GIVEN ENTRIES:
-- -- --

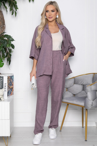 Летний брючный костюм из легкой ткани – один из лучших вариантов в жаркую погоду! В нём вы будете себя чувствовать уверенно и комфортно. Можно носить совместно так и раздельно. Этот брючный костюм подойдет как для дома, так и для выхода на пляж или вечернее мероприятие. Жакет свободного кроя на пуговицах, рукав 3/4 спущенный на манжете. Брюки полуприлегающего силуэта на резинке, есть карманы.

-- -- --

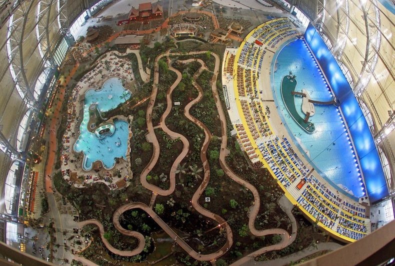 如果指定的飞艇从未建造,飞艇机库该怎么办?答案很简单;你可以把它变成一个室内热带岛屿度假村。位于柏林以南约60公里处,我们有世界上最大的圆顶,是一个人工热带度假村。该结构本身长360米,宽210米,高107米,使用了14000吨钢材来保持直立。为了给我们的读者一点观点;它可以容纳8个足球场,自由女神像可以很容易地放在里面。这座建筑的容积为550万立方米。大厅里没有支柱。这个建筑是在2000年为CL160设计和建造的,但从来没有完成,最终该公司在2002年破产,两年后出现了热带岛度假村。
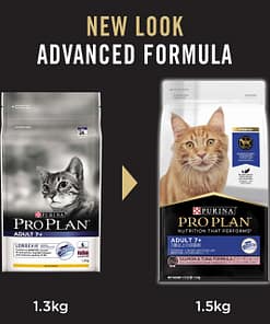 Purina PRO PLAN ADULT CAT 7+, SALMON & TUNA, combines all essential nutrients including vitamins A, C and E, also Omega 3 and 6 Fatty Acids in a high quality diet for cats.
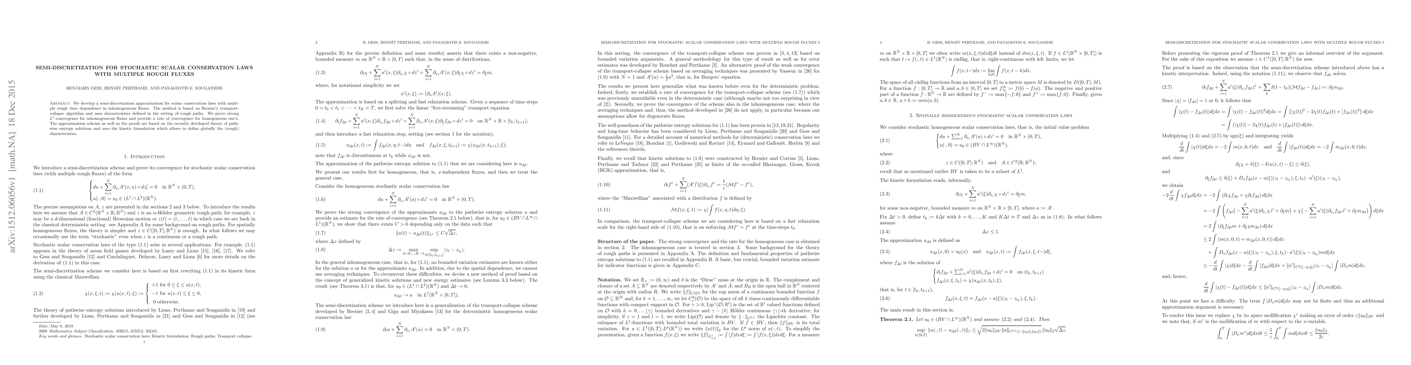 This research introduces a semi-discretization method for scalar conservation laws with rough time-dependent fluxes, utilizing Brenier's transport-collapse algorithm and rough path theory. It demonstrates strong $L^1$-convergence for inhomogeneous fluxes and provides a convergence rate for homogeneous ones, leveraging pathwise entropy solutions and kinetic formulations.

-- -- --

EXERCISE OBJECTIVE: Write down exactly what the lines above say, from the line holding "如果指定的飞艇从未建造,飞艇" through the line holding "Purina PRO PLAN", and nothing more. Do not copy the pictures.

RESPONSE AREA:
 如果指定的飞艇从未建造,飞艇机库该怎么办?答案很简单;你可以把它变成一个室内热带岛屿度假村。位于柏林以南约60公里处,我们有世界上最大的圆顶,是一个人工热带度假村。该结构本身长360米,宽210米,高107米,使用了14000吨钢材来保持直立。为了给我们的读者一点观点;它可以容纳8个足球场,自由女神像可以很容易地放在里面。这座建筑的容积为550万立方米。大厅里没有支柱。这个建筑是在2000年为CL160设计和建造的,但从来没有完成,最终该公司在2002年破产,两年后出现了热带岛度假村。
 Purina PRO PLAN ADULT CAT 7+, SALMON & TUNA, combines all essential nutrients including vitamins A, C and E, also Omega 3 and 6 Fatty Acids in a high quality diet for cats.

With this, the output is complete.